Главный режиссер со всем соглашался и все опровергал. Замечательный человек! Как только кто-нибудь выступал против него, он кричал:
— D'accord![2] Полностью d'accord, но… — и говорил прямо противоположное.
Газетчики слушали его с явным неудовольствием. По всей видимости, они пришли не узнать здесь что-либо для себя новое, а выговориться в свое удовольствие. Среди них были люди осмотрительные, у которых фразы сходили с губ медленно, тянулись бесконечно и повисали в воздухе зала, точно струи дыма при безветрии; этих ораторов потому, наверное, не перебивали, что их уже давно никто не слушал. Когда же они закруглялись, проходила еще минута-другая, прежде чем присутствующие замечали, что речь оратора окончательно иссякла. И только главный режиссер внимательно слушал все речи, внимательно, терпеливо и прямо-таки одобряюще улыбаясь оратору; если оратор, случалось, замечал, что никто его больше не слушает, что только тот дарит его своим вниманием, кого он как раз намеревался атаковать, то и речь его становилась все снисходительней и снисходительней, и тогда наконец главный режиссер быстро и четко резюмировал эту вязкоколышущуюся словесную массу. Отвечая на выступление, он использовал обороты предшествующего оратора, вплетал в них, точно цветы, ошеломительные иностранные слова и все чуть-чуть подправлял, делая вид, что цитирует; казалось, обе речи заключают друг друга в объятия, хотя сами ораторы продолжали преспокойно сидеть на своих местах.
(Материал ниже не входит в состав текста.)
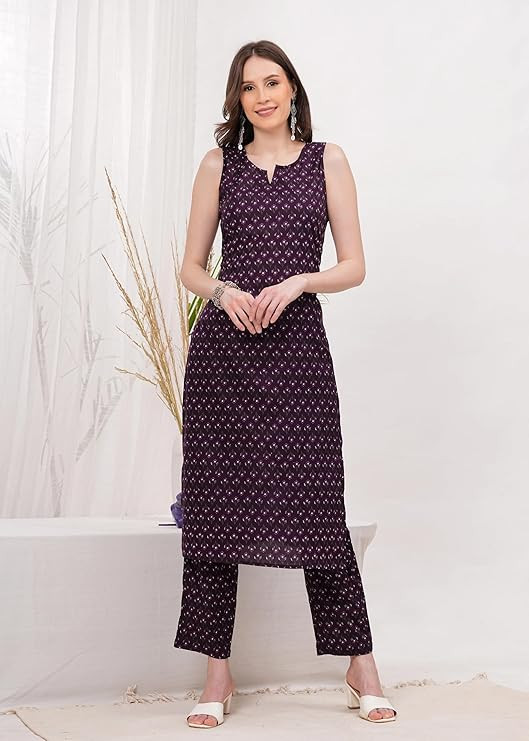 Women's Sleeveless Ikat Print Cotton Kurta & Pant || Black Diamond Pattern || Printed Kurta Set for Ladies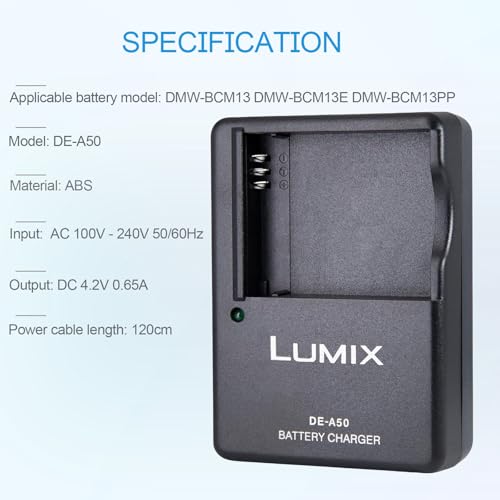 - DMW-BCM13PP Battery Charger 100% Safe Charging: Our DE-A50 replacement charger provides safe, fast and efficient charging of your camera. Our charger has overcharge protection, short circuit protection, high temperature protection and surge protection with CE, RoHS Certifications, tested by manufacturer to match OEM products, It's the perfect solution for all Canon camera enthusiasts, reliable and convenient!

Главный редактор радиопрограмм Кнут Релов не сказал на протяжении всей дискуссии ни единого слова. Он сидел неподвижно, точно манекен, выставляющий напоказ новый костюм. Голову его почти все время окутывали клубы дыма, а чуть они рассеивались, как открывалось лицо, на котором ясно читалось, сколь быстро решены были бы все проблемы, если бы эти уста хоть раз единый разомкнулись. Но они если и размыкались, то не речи произносили, а лишь выпускали дым; время от времени Релов с такой силой разевал по-рыбьи рот, выталкивая языком дым, что оттуда вылетали и, медленно покачиваясь, плыли по залу кольца, опускаясь в конце концов на один из столов, там стойко поколыхавшись туда-сюда (подобно умирающей рептилии, что, извиваясь, пытается приподняться), они наконец рассеивались. Господин Релов с интересом наблюдал за их агонией. Раз-другой ему даже удалось отвлечь своими искусными кольцами взгляды чуть ли не всех присутствующих от непоколебимо витийствующего главного режиссера.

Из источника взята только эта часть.